In version 0.4.60, this feature was restored by using long double. Since the best type to use may change again in the future, the policy is to define kv::fp80, which is currently an alias for long double, and write code using that type. To use 80-bit floating-point numbers, include:

#include <kv/fp80.h>
This header file checks whether 80-bit floating-point numbers are available. If they are available, it defines the macro KV_HAVE_FP80 and defines the type as follows:
using kv::fp80 = long double;
If you write programs using kv::fp80 instead of concrete types such as long double, __float80, or _Float64x, future changes in the surrounding situation should require only minimal modifications.

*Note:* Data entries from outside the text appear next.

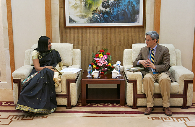 On April 10th, Mrs. Poornima Gunasekera, Consul General of the Democratic Socialist Republic of Sri Lanka visited SIIS and exchanged views on deepening academic cooperation between China and Sri Lanka with President Chen Dongxiao.
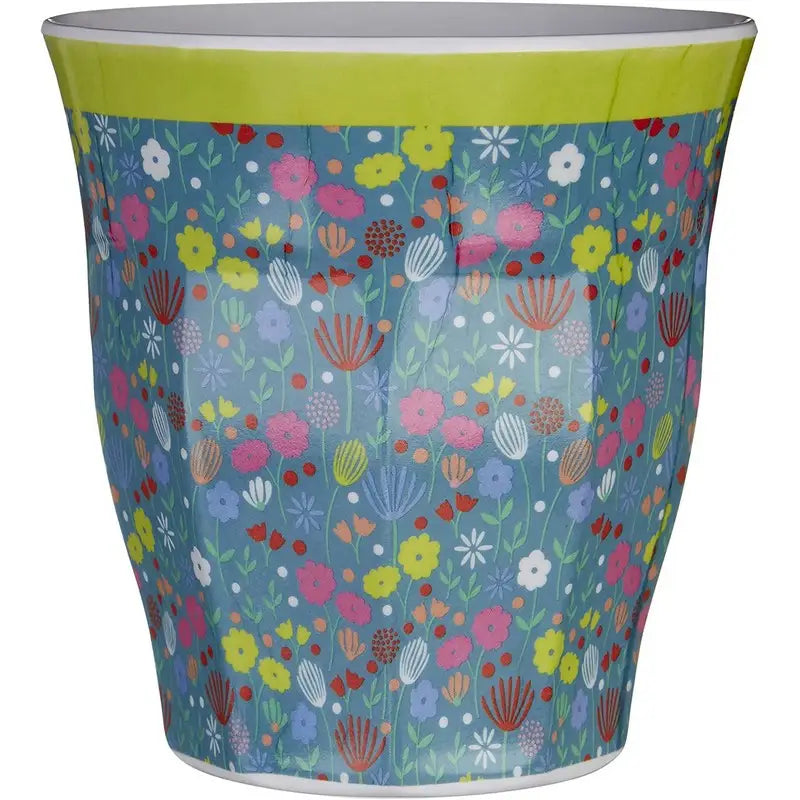 - Cool teal background provides a muted canvas for the plethora of flowers, while a green rim adds to its vivid appeal
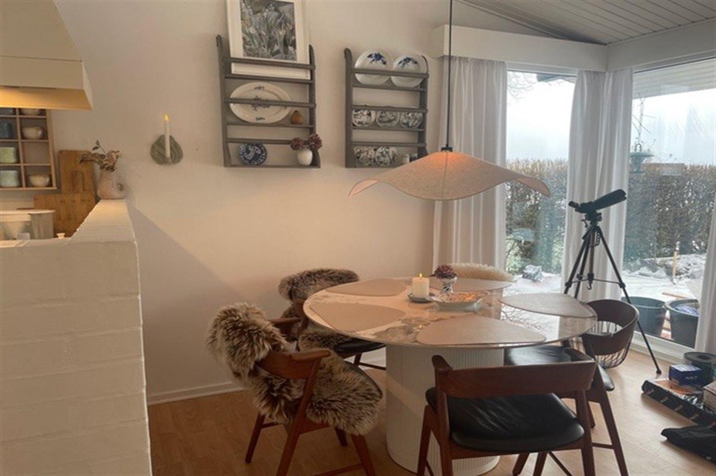 Køkkenet er udstyret med 1 køleskab. Der er 4 keramiske kogeplader, varmluftovn samt opvaskemaskine.
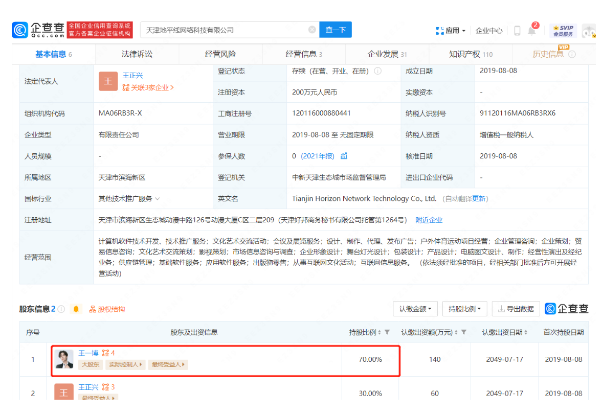 企查查信息显示,该公司成立于2019年8月,王一博持有70%股份,为疑似实际控制人,同时任监事一职。
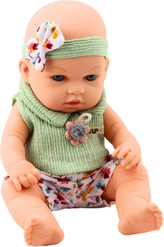 Babypop in groene outfit met bloemenpatroon en haarband met strik

3. Interval Arithmetic with 80-bit Floating-Point Endpoints (rfp80.hpp)

Interval arithmetic with double can be performed with the type kv::interval<double> by including rdouble.hpp after interval.hpp. Similarly, interval arithmetic with kv::fp80 can be performed with the type kv::interval<kv::fp80> by including rfp80.hpp after interval.hpp.

test/test-ifp80.cc is a sample showing how to use it. It is almost the same as test-interval.cc and test-idd.cc; only the first include and the type name differ.

4. 128-bit Floating-Point Arithmetic by Combining Two kv::fp80 Values (ddx.hpp)

The so-called double-double type (dd) combines two 53-bit double values to perform arithmetic equivalent to about 106 bits. In the same way, I created a floating-point type that combines two kv::fp80 values, giving the equivalent of a 15-bit exponent and a 128-bit significand (ddx = double double-extended).

test/test-ddx.cc is a usage example. Including kv/ddx.hpp makes the kv::ddx type available. It is almost as easy to use as dd. Mathematical functions are also available.

5. Interval Arithmetic with ddx Endpoints (rddx.hpp)

Interval arithmetic with the ddx type can be performed with the type kv::interval<kv::ddx> by including rddx.hpp after interval.hpp.

test/test-iddx.cc is a sample showing how to use it.

6. Conclusion

Adding these types did not require any changes at all to kv/interval.hpp, the core file that implements interval arithmetic. I think this shows that the design around interval arithmetic in kv is quite good (if I may say so myself).

Changing double to kv::fp80, or dd to ddx, slows things down by only about 10-20% at most, so the performance is almost unchanged. This may be useful when you need just a little more precision but MPFR is too slow to be practical.

In principle, it would be possible to implement interval arithmetic in rfp80.hpp and rddx.hpp that does not change the rounding direction at all when -DKV_NOHWROUND is specified, but this has not yet been implemented.

Starting with version 0.4.56, _Float64x began to behave abnormally with g++ version 13, so features related to _Float64x were disabled for g++ version 13 and later.

Starting with version 0.4.60, the feature that had become unavailable with g++ version 13 and later was restored by stopping the use of _Float64x and switching to long double. Since the best type to use may change again in the future, the policy is to define kv::fp80, which is currently an alias for long double, and write code using that type. Along with this change,

Old name New name
rfloat64x.hpp rfp80.hpp
test-ifloat64x.cc test-ifp80.cc
conv-float64x.hpp conv-fp80.hpp

several file names were changed as shown above. Since this feature was disabled for g++ 13, I assume that very few people were using it. If you were using it, please change the header files you include and rewrite your code to use kv::fp80 instead of _Float64x.